Carlitos Gardel llegó a San Juan el lunes 3 de julio de 1933 para una actuación de dos noches en el Teatro Cervantes de José Bautista Estornell. Lo acompañaban sus "escobas” Guillermo Barbieri, Domingo Riverol, Julio Vivas y Horacio Petorossi, y se hospedaron en el Hotel Palace de Rivadavia 42 (o) actual, donde es posible observar hoy el segundo ascensor de la capital (el primero estaba en la vieja municipalidad) y los números originales, 71 y 72, de las habitaciones que ocuparon. Posteriormente, y en razón del éxito popular de su maravillosa voz, decide actuar una tercera noche. Llegó en el tren El Cuyano, y en él se fue con sus acompañantes en la mañana del jueves 6 hasta Mendoza, para concluir en Chile la gira programada, siempre en tren. Es muy probable que Gardel haya actuado en 1917 en San Juan, solo o con José Razzano, sin poder precisar fecha, pero el lugar está inscripto en el gráfico itinerario de una gira realizada por el cantor ese año por el interior del país.

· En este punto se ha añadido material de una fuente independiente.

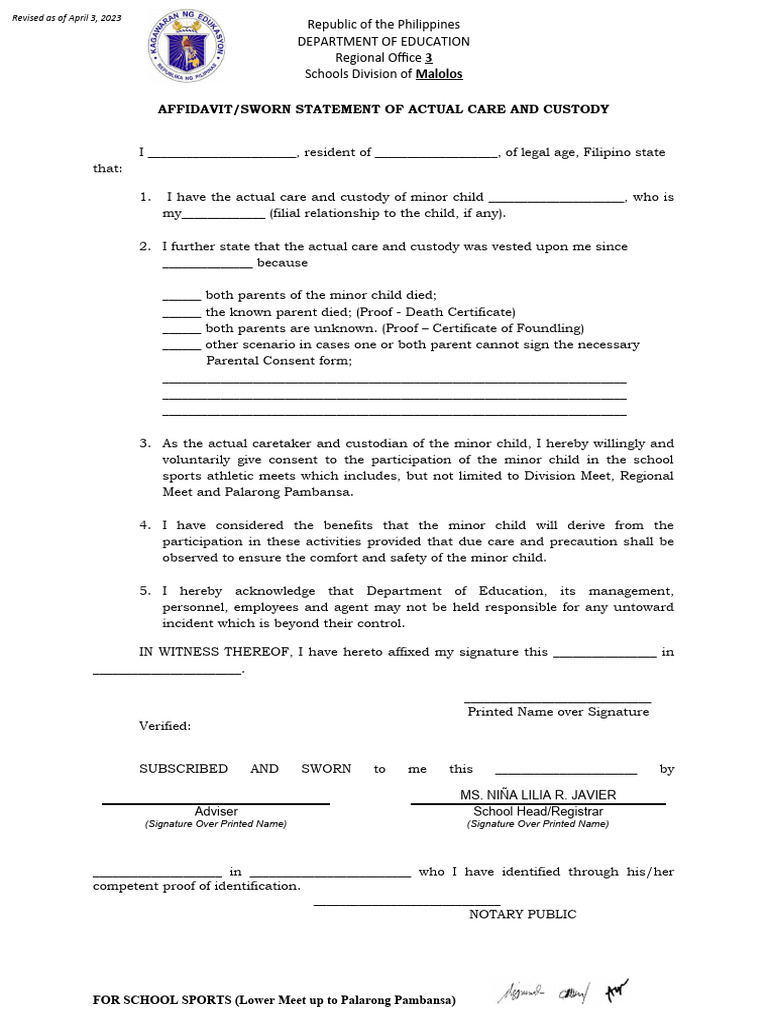9 Sworn Statement of Actual Care and Custody Revised PDF Civil Law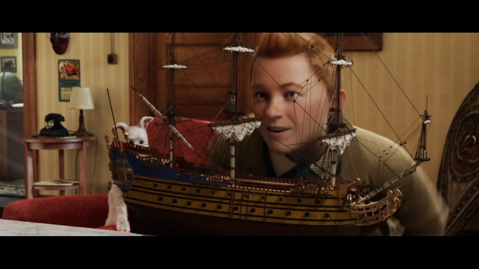 The story ramps up right away, with Tintin finding the ship within the first scene, and us meeting the villain, Sakharine, immediately after. It sets up the mystery fairly well, and we see Tintin researching the case. The mystery of the film is also the mystery of this ship model, the Unicorn.

Existen varios hechos, probables unos y anecdóticos otros, que jalonan su presencia final. El diario Tribuna de entonces lo difunde casi recatadamente. Gardel era un artista cabal, serio y guapo, muy agradable y amigo sincero.
El arte musical era motivo de fina sensibilidad expresiva y obsesiva perfección. No tuvo nunca atisbos elitistas ni extraños para un medio delicado, pero sin duda se sabía pisando fuerte en el terreno del canto, en presentación, expresividad y cualidades interpretativas de cualquier género. El tango era su preferencia, por sentirlo y pasearlo como pocos en el escenario del mundo. Sanjuanino era Saúl Salinas, quien fuera compañero de sus primeras andanzas y avezado instructor en el contrapunto y el canto a dos voces, al par que autor e intérprete de "Sanjuanina de mi amor”, "La rosa encarnada”, "Mirala como se va”, "La pastora”, "Jujeña”, tonadas bien cuyanas, aún hoy ejemplo telúrico regional y grabadas en discos por el "Maestro”.

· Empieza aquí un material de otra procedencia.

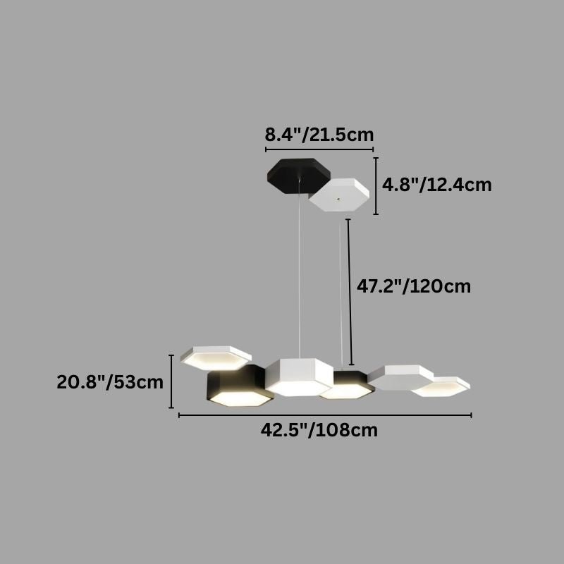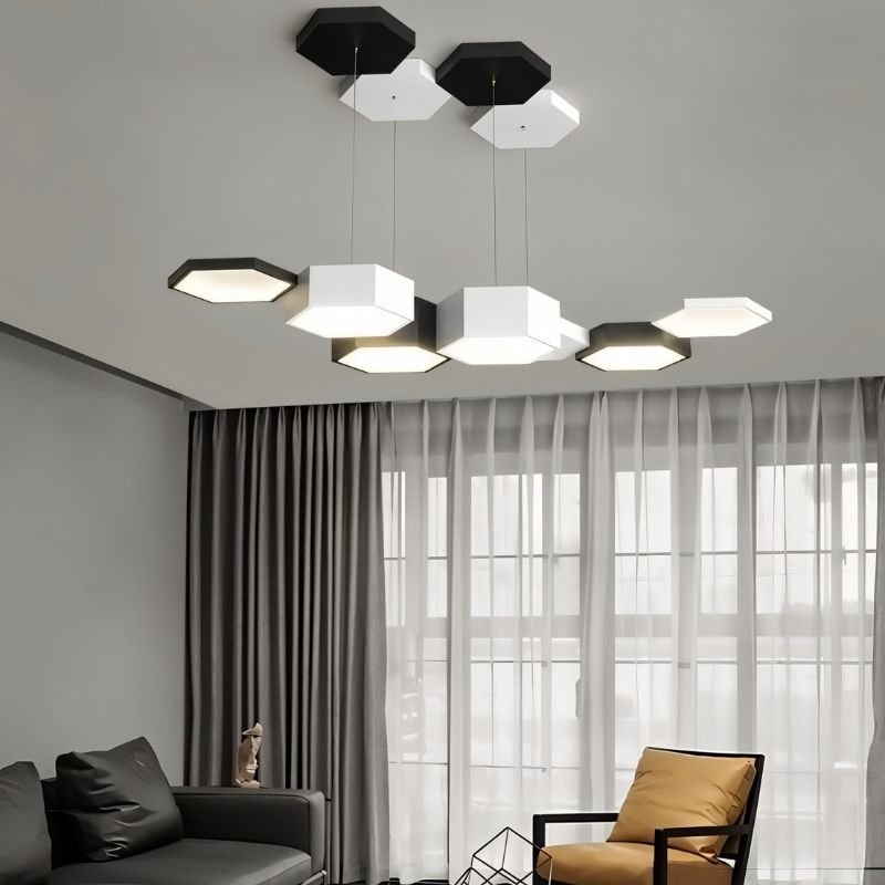 The Celvora Pendant Light features a geometric hexagonal design, combining iron and acrylic for a modern aesthetic. Its multi-head configuration (4, 5, 6, or 7 heads) allows for versatile illumination, ideal for kitchens, dining areas, or contemporary living spaces. The suspended light fixture creates a floating effect, adding depth to the interiors. A dual-tone black-and-white canopy enhances contrast and visual interest. Precision-crafted, it offers a structured yet dynamic lighting statement.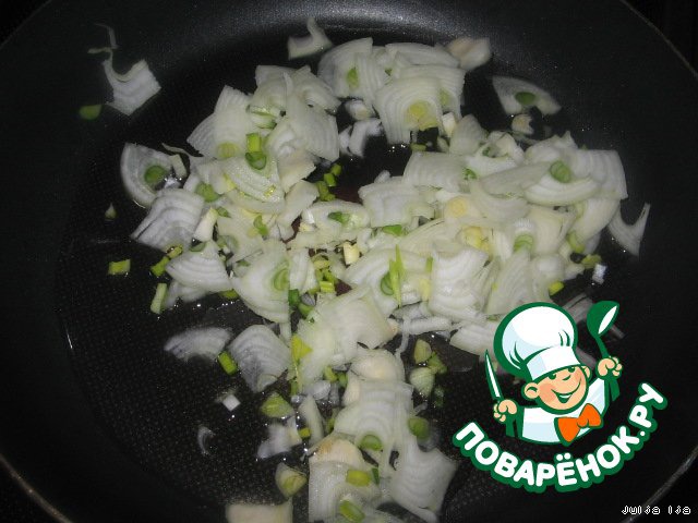 Тем временем, луковицу, нарезаем соломкой, слегка обжариваем на растительном масле.
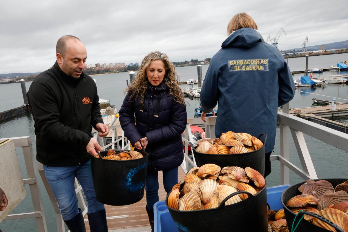 A responsable da Xunta aproveitou tamén a visita para comprobar o desenvolvemento da campaña de extracción da vieira que está a levar a cabo esta confraría e na que participan membros deste pósito e dos de Ferrol e Mugardos
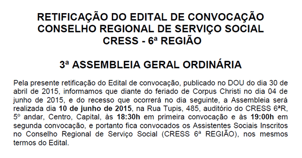 Convocação para Assembleia Geral na Sede (BH) dia 10/06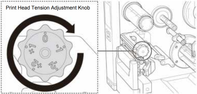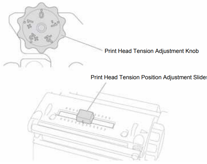 - Move the Media Sensor by adjusting the Media Sensor Position Adjustment Knob. Make sure the position of the Gap or Black Mark Sensor matches the position of the Gap/Black Mark on the label roll.

Ese año fue medular para el gobierno cantonista, que caería en febrero siguiente por la acción conservadora, y es cierto que El Zorzal aceptó la invitación para asistir el 4 de julio al local partidario de calle 9 de Julio, donde cenó y cantó luego, con agasajo de sus anfitriones y concurrentes. Cantó siempre sin muchos miramientos políticos, para diversos gobernantes de distinta ideología y en ocasionales lugares del mundo. No tenía vicios ostensibles ni costumbres que afectaran su apego indubitable a una rigurosa disciplina psicofísica, musical y actoral. Dicen que obsequió una guitarra en la plaza al jorobado Torres, que lo guió un chofer Ortiz, que jugó y comió en La Morisca (frente a DIARIO DE CUYO), y es tanto de verosímil todo como que hay fotos decidoras que bien lo ubican con la verdad.

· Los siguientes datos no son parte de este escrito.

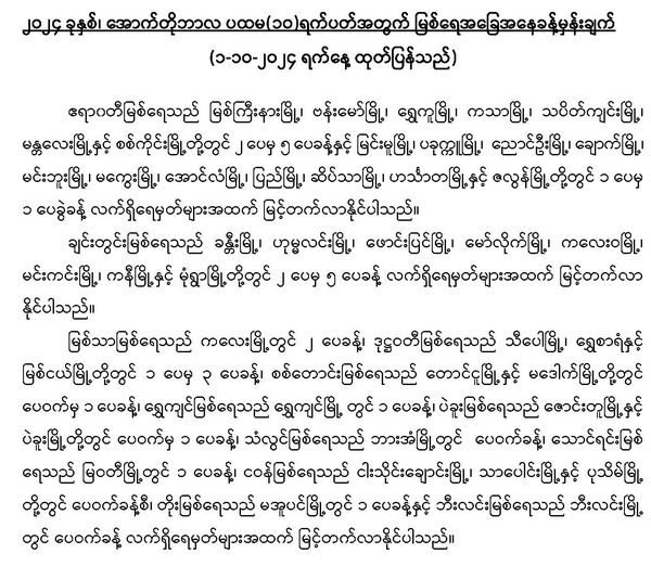 မိုးလေဝသနှင့်ဇလဗေဒညွှန်ကြားမှုဦးစီးဌာနမှ ၂၀၂၄ ခုနှစ်၊ အောက်တိုဘာလ ပထမ(၁၀)ရက်ပတ်အတွက် မြစ်ရေအခြေအနေခန့်မှန်းချက်ကို ၁-၁၀-၂၀၂၄ ရက်နေ့တွင် ထုတ်ပြန်ထားပါတယ်…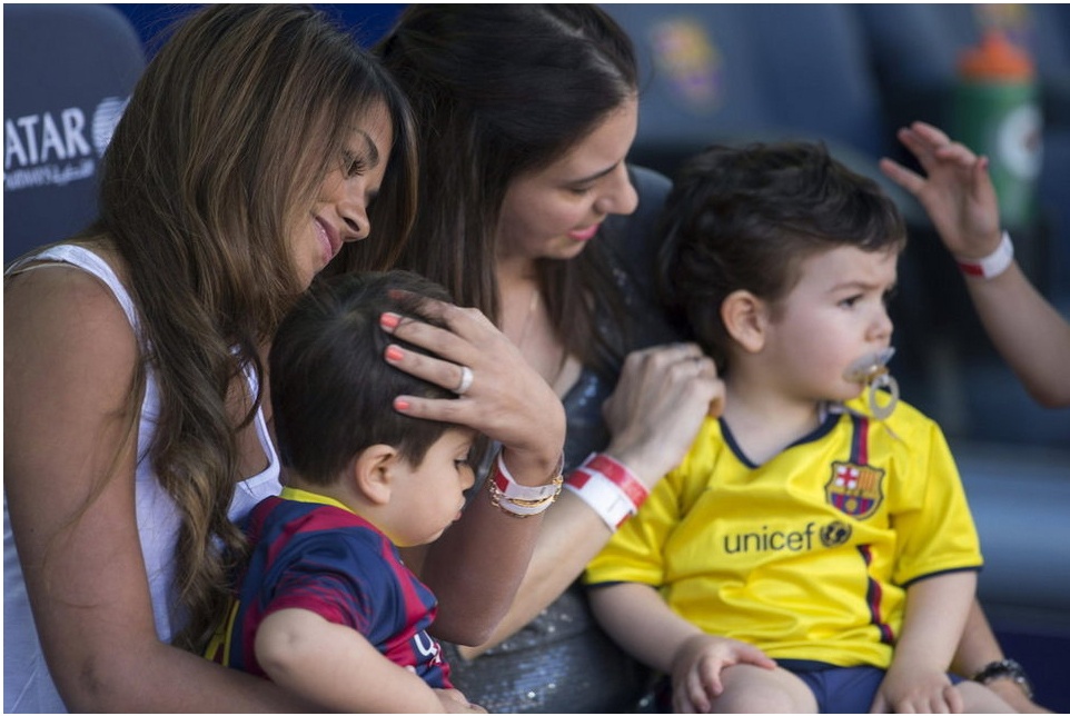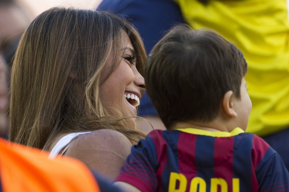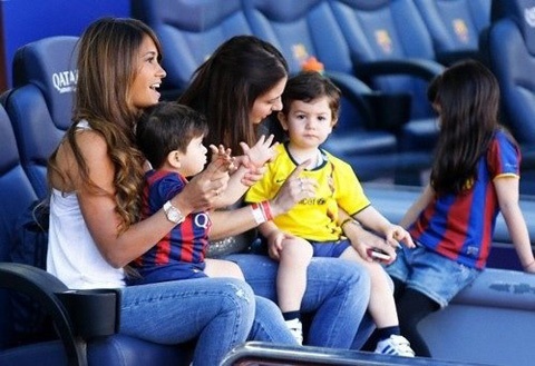 Trước trận gặp Getafe ở vòng 36 La Liga, các cầu thủ Barca đưa cả vợ con tới sân Nou Camp để tưởng niệm HLV quá cố Tito Vilanova. Người đẹp Antonella - bạn gái của ngôi sao Argentina Lionel Messi cũng bế con tới tham gia sự kiện và cổ vũ đội bóng của bạn trai. Gia đình nhỏ của Messi nhanh chóng trở thành tâm điểm báo giới bởi những hình ảnh ngọt ngào, tình cảm hiếm thấy. Ảnh: AFP.

En un Medellín nebuloso de un 24 de junio, sobre las 15.10, quiso el Hacedor poner fin a su gira postrera y definitiva. Gardel había actuado allí, en un teatro que ya no existe, los días 10, 11 y 12 de junio, y hacía una escala técnica de Bogotá para Santiago de Cali, cuando los aviones se encuentran y sucede la tragedia. Los detalles son difusos y argumentados.
A esa ciudad colombiana de cerros verdes, esmeraldas glaucas, orquídeas multicolores, gente morena y noble, donde a Carlitos le copiaron la sonrisa como una bella herencia, hemos acudido a modo de sencillo homenaje y en su memoria -Guillermo, Diego y el autor- con una mármol burilado que dice sólo eso: "a la voz inmortal, cada día mejor, patrimonio de la humanidad, ejemplo y orgullo nacional”. No es poco para resumir una vida. Este miércoles será colocada en el transcurso de un acto que adorna la Semana Internacional del Tango, en su avenida Carlos Gardel, la antigua Carrera 45, en el Barrio de Manrique del arrabal medillenense. Es el espacio ideal para pensar a Carlitos en un tiempo menos absurdo. La ciudad toda se hace tango; es milonga, valses y tangos, de una a otra esquina, y emociona con dureza.
Si hasta las golondrinas de un solo verano se ofrecen volver, con la frente marchita, por los caminos del viento plateando la sien. El silencio es cruel, y hace tanto mal. Abundante la risa donde lágrimas hubo, con las gorduras de Botero, el lirismo de Jorge Isaacs, y en la entrada del aeropuerto, sobre un grisáceo monolito de piedra apizarrada, la imponente y arrugada queja de un bandoneón bajo la lluvia.